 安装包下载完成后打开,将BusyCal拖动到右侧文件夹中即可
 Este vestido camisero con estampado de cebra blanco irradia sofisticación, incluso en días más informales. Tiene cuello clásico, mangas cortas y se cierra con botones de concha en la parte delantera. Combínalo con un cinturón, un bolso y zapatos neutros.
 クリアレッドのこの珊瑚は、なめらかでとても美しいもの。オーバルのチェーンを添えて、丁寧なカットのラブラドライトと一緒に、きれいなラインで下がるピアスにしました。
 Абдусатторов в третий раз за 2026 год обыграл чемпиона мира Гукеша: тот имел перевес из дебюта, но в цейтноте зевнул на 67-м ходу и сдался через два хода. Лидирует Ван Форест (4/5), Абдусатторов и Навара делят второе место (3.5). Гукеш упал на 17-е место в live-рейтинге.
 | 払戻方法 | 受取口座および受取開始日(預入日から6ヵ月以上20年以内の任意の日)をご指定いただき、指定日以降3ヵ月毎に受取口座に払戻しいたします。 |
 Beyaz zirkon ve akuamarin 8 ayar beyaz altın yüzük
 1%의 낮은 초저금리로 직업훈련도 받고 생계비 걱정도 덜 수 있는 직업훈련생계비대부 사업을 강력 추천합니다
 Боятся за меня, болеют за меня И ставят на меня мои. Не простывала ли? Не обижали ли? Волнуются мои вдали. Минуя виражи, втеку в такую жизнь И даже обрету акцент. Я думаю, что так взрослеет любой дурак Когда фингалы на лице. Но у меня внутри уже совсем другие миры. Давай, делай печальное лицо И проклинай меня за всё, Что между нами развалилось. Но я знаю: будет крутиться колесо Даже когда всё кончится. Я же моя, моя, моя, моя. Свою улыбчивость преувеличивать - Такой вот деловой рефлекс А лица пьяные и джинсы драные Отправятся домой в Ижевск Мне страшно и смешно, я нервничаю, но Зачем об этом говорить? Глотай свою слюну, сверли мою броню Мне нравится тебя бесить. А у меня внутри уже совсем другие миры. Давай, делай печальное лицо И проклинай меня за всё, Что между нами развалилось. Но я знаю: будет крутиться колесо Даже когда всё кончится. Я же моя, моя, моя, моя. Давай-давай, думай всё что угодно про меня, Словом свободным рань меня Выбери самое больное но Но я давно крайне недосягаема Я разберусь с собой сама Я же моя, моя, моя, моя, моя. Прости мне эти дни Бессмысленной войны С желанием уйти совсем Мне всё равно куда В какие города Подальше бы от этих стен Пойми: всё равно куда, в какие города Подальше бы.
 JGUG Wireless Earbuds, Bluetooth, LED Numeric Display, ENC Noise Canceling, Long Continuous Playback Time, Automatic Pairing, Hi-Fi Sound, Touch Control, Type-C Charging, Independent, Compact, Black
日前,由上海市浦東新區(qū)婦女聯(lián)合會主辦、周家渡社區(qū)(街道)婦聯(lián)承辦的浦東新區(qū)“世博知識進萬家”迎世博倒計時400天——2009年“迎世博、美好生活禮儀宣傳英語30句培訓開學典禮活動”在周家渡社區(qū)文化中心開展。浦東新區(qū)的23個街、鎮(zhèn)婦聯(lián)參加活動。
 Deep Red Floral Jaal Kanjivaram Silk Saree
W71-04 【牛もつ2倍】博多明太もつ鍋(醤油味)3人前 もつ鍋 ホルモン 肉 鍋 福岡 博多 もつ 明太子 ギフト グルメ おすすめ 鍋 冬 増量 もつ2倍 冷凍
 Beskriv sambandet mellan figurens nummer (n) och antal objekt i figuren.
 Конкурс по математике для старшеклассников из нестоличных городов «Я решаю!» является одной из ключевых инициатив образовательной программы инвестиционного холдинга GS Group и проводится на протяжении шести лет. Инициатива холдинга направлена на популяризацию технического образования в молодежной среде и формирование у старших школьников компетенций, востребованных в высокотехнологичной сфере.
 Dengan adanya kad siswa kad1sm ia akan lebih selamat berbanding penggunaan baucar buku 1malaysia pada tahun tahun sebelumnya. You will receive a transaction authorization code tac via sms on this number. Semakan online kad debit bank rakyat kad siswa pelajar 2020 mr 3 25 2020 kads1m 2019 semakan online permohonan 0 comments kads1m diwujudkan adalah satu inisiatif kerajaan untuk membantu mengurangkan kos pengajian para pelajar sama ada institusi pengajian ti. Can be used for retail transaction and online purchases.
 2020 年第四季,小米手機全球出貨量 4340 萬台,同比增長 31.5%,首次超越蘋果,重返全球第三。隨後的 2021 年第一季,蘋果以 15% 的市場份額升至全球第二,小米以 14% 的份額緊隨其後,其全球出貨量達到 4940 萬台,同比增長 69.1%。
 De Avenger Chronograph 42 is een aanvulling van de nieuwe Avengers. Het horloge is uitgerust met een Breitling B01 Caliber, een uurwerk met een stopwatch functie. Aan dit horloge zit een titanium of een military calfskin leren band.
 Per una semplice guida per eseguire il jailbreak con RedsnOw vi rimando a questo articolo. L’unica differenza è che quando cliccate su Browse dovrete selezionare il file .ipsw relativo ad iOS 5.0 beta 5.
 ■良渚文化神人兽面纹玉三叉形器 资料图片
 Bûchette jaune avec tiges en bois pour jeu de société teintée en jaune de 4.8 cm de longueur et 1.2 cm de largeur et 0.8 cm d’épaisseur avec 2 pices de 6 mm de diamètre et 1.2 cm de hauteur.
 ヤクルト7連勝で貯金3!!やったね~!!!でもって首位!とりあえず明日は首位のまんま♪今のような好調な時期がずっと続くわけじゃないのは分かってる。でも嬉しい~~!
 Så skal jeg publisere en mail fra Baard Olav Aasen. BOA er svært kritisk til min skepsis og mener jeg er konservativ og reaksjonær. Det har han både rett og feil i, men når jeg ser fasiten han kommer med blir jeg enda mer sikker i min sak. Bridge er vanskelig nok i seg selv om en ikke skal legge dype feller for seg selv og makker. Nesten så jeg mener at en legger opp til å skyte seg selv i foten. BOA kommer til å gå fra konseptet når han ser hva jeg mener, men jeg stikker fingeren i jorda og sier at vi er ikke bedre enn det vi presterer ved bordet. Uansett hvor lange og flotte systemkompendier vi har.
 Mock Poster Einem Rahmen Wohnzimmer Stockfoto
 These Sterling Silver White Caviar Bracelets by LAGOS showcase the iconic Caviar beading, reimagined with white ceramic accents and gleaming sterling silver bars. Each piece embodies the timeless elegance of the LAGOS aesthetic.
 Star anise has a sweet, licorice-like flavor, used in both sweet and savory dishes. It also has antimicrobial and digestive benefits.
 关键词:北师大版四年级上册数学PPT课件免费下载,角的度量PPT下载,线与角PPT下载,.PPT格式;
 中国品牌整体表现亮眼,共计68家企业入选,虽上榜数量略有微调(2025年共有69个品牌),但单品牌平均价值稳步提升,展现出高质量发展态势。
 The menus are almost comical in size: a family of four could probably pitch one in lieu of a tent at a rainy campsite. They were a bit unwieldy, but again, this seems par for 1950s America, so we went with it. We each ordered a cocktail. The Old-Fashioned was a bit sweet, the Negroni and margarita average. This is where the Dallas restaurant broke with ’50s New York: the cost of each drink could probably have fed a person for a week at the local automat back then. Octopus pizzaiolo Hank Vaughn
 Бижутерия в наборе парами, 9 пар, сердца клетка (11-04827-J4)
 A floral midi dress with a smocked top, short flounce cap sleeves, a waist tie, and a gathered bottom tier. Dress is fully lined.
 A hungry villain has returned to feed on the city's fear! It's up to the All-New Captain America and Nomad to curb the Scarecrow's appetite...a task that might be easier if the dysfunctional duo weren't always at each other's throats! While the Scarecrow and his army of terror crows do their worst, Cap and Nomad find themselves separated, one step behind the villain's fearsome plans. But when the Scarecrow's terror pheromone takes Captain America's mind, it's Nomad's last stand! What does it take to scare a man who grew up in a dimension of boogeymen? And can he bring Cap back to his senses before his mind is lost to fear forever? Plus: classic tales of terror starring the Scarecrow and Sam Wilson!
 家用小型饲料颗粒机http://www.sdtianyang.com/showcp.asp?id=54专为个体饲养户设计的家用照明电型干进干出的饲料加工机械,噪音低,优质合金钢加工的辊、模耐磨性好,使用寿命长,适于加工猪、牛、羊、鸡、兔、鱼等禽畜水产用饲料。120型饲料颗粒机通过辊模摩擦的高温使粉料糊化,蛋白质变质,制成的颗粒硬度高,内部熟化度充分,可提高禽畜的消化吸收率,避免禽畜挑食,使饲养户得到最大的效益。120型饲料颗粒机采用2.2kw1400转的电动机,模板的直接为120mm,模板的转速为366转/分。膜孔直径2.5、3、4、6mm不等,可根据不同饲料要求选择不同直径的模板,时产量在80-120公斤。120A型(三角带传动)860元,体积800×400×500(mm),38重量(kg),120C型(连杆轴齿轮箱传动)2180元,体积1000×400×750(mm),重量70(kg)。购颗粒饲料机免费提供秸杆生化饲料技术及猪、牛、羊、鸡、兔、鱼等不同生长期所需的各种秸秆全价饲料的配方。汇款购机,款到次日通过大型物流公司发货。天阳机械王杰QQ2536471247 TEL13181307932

_ _ _

(INSTRUCTIONS FOR THE TASK) Say how many lines of the data above have the string "sweet" in them, and write nothing besides that number.

(WRITTEN ANSWER) 2